At the end of the shift, He Yan left a cold coffee on the table.

"For the boy who reads boring notes," she said.

"Is that an insult?"

"In anesthesia, it is praise."

Lin Xuan drank the coffee and almost grimaced. It was bitter, old, and necessary. Like many things in the hospital.

The system appeared only when he was putting away the last chart.

[Record: perioperative risk detected.] [Supplementary understanding: surgery begins before the incision.] [Progress: preoperative judgment strengthened.]

Lin Xuan looked at the list taped to the wall. His name still was not there. But for the first time, he understood that entering the operating room did not begin with a line on a schedule. It began with becoming necessary long before crossing the door.

The next day, He Yan called him over to review another preoperative chart. It was not a formal invitation or a promotion, but opportunities in a hospital rarely arrived with music. They came as a folder pushed toward your elbow while someone said, "Look at this quickly." Lin Xuan understood the value of the gesture. The anesthesiologist did not trust him as a surgeon; she trusted him to find troublesome details. For now, that was enough.

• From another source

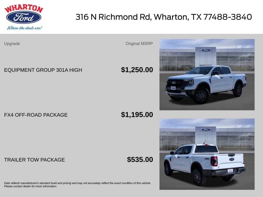 Equipment Group 301A High (12" Display in Center Stack, Dual-Zone Electronic Climate Control (DEATC), and Power-Sliding Rear Window), FX4 Off-Road Package (FX4 Off-Road Box Decal, FX4 Selectable Drive Modes, Off-Road Screen in Center Stack, Off-Road Tuned Shocks, and Trail Control), Sport Appearance Package (Gray Painted Center Bar & Grille Surround, Gray Painted Front Fascia & Rear Bumper, and Sport Box Decal), Trailer Tow Package (Class IV Trailer Hitch Receiver), 4WD, 4-Wheel Disc Brakes, 6 Speakers, ABS brakes, Air Conditioning, Alloy wheels, AM/FM radio: SiriusXM, AM/FM Stereo, Auto High-beam Headlights, Auto-dimming Rear-View mirror, Brake assist, Cloth Front Bucket Seats, Compass, Delay-off headlights, Driver door bin, Driver vanity mirror, Dual front impact airbags, Dual front side impact airbags, Electronic Stability Control, Emergency communication system: SYNC 4 911 Assist, Front anti-roll bar, Front Bucket Seats, Front Center Armrest, Front fog lights, Front License Plate Bracket, Front reading lights, Front wheel independent suspension, Fully automatic headlights, Illuminated entry, Internet access capable: FordPass Connect 4G, Leather Shift Knob, Low tire pressure warning, Navigation system: Connected Navigation, Occupant sensing airbag, Outside temperature display, Overhead airbag, Overhead console, Panic alarm, Passenger door bin, Passenger vanity mirror, Power door mirrors, Power steering, Power windows, Rear reading lights, Rear seat center armrest, Rear step bumper, Rear window defroster, Remote keyless entry, Security system, SiriusXM Satellite Radio, Speed control, Speed-sensing steering, Steering wheel mounted audio controls, SYNC 4A w/Connected Navigation, Telescoping steering wheel, Tilt steering wheel, Traction control, Trip computer, Variably intermittent wipers, Voltmeter, and Wheels: 17" Gray-Painted Aluminum. Price includes: $2000 - Bonus Customer Cash. Exp. 03/31/2026

The case was simple until it stopped being so: a young man scheduled for hernia repair, with a history of allergic reaction written in an old note and omitted from the main sheet. It was not a glorious revelation. No one would remember it in a conference. But He Yan adjusted the plan and said, without looking at him, "This is how boring tragedies are avoided." Lin Xuan liked that phrase. Boring tragedies were the most unjust, because they were not born from rare disease or impossible operations, but from papers read poorly.

Later, Mu Qingli found him copying a checklist into his notebook. She mocked his handwriting slightly. Then she added two points he had not considered: patient positioning and communication with nursing before anesthesia. She did not do it tenderly. She did it like someone placing a tool on a table and expecting the other person to know how to use it. Lin Xuan wrote both down without defending his pride.

That night, when he looked again at the operating list, he no longer felt only the desire to see his name. He saw layers. Before every incision there were signatures, labs, allergies, conversations, family fears, sterile instruments, a nurse counting sponges, and an anesthesiologist thinking about potassium while everyone else looked at the abdomen. Surgery was a summit, yes. But a summit held up by invisible stones.

Before leaving, he reviewed the diabetic patient's consent form once more. The signature was there, but in the margin a question had been written in trembling handwriting: What if I do not wake up? No one had answered it in writing. Lin Xuan found the family in the waiting area and saw the husband holding a bag of clean clothes. He did not promise absolute safety. He explained the risk, the adjustment made, and why waiting without correcting it would have been worse. The man listened with his eyes fixed on the floor and finally said, "Then thank you for looking at the paper."

That sentence stayed with him more than He Yan's "good catch." Looking at the paper. It sounded like a minor task, unworthy of a novel about geniuses. But in medicine, truly looking at what others treated as paperwork could be the difference between a quiet ward and a call at dawn. Lin Xuan returned to the operating wall with another attitude. He no longer wanted to appear on the list merely to prove himself. He wanted to earn the right to be there before the patient closed her eyes.